What is needed >> Below are records with pictures. Transcribe exactly, and only, the lines from the line with "to the 1780s." to the line with "A photograph of", both ends included, but not the pictures.

Data to process >>
---+---

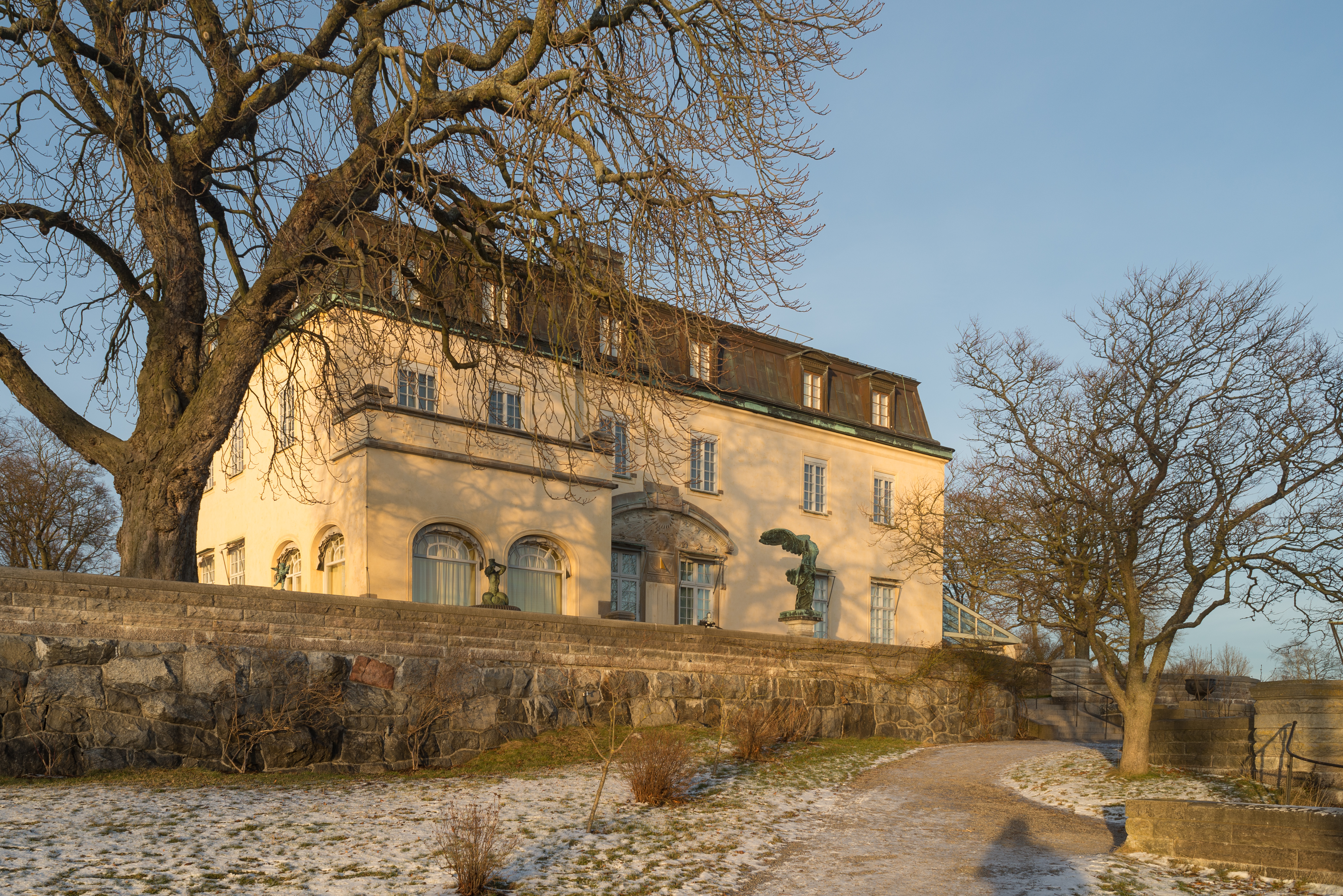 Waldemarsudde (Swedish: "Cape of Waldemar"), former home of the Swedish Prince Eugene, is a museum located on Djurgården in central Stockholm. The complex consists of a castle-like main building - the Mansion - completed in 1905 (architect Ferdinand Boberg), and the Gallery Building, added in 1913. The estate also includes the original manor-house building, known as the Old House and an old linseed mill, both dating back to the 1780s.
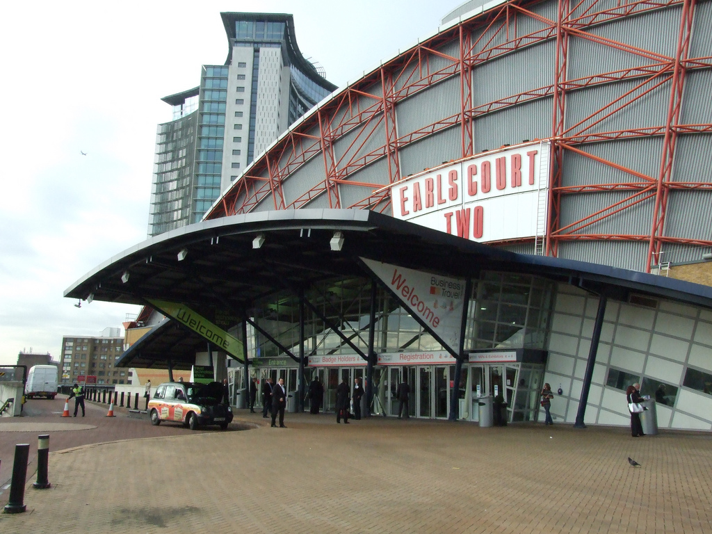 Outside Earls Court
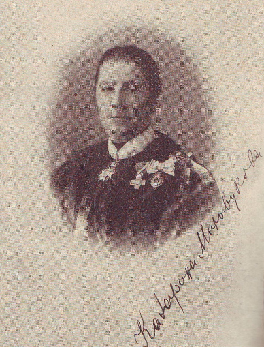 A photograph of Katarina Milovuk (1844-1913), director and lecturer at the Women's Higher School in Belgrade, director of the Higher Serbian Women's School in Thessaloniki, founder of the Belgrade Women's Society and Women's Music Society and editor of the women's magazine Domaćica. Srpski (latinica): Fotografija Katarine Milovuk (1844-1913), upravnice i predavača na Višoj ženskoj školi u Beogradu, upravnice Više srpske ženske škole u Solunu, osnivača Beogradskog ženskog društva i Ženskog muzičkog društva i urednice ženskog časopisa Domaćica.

---+---

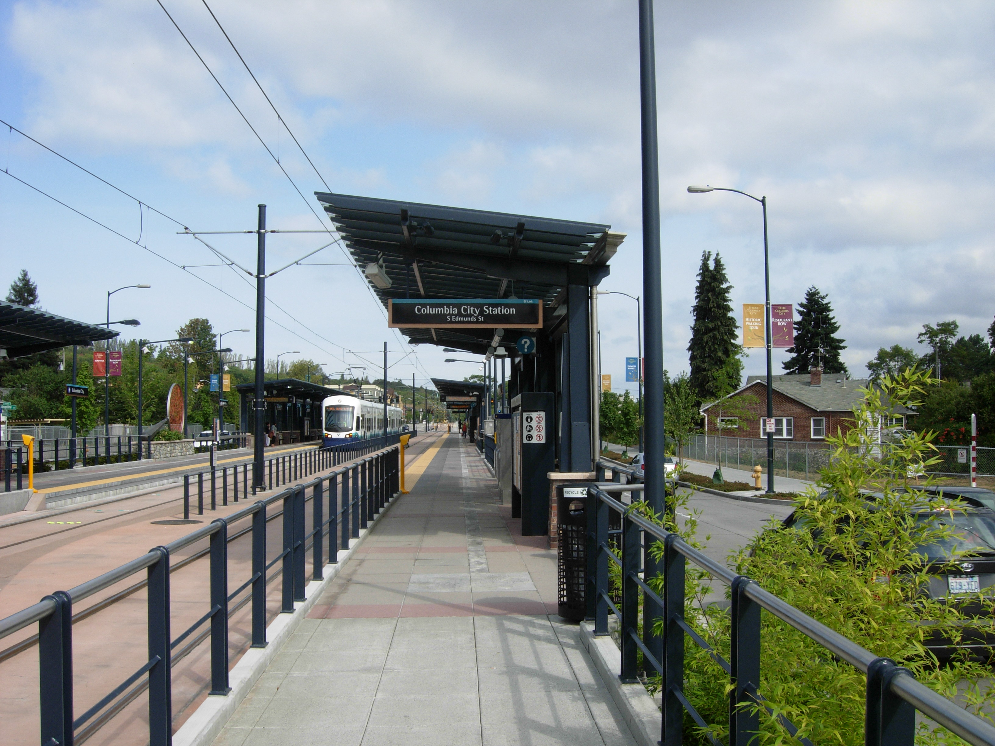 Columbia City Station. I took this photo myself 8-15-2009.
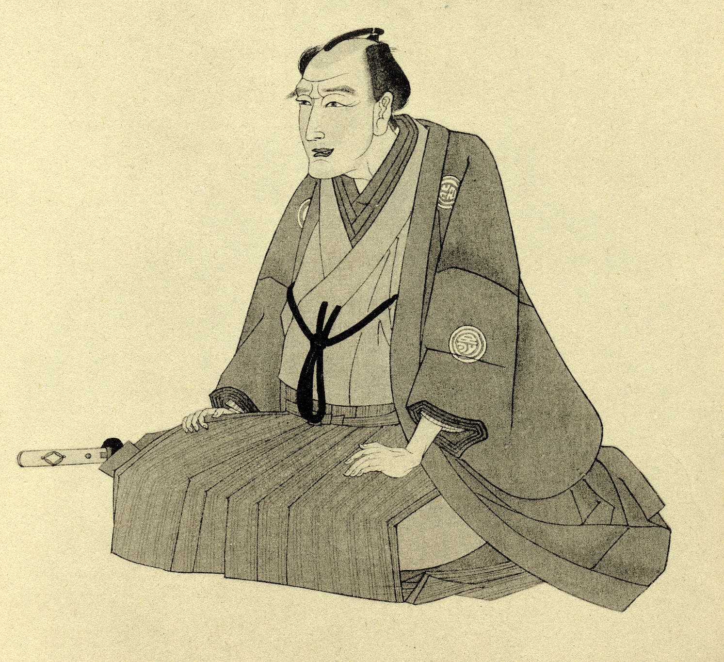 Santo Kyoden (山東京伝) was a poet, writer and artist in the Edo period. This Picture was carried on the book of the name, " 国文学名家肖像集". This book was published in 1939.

---+---

Response below >>
 Waldemarsudde (Swedish: "Cape of Waldemar"), former home of the Swedish Prince Eugene, is a museum located on Djurgården in central Stockholm. The complex consists of a castle-like main building - the Mansion - completed in 1905 (architect Ferdinand Boberg), and the Gallery Building, added in 1913. The estate also includes the original manor-house building, known as the Old House and an old linseed mill, both dating back to the 1780s.
 Outside Earls Court
 A photograph of Katarina Milovuk (1844-1913), director and lecturer at the Women's Higher School in Belgrade, director of the Higher Serbian Women's School in Thessaloniki, founder of the Belgrade Women's Society and Women's Music Society and editor of the women's magazine Domaćica. Srpski (latinica): Fotografija Katarine Milovuk (1844-1913), upravnice i predavača na Višoj ženskoj školi u Beogradu, upravnice Više srpske ženske škole u Solunu, osnivača Beogradskog ženskog društva i Ženskog muzičkog društva i urednice ženskog časopisa Domaćica.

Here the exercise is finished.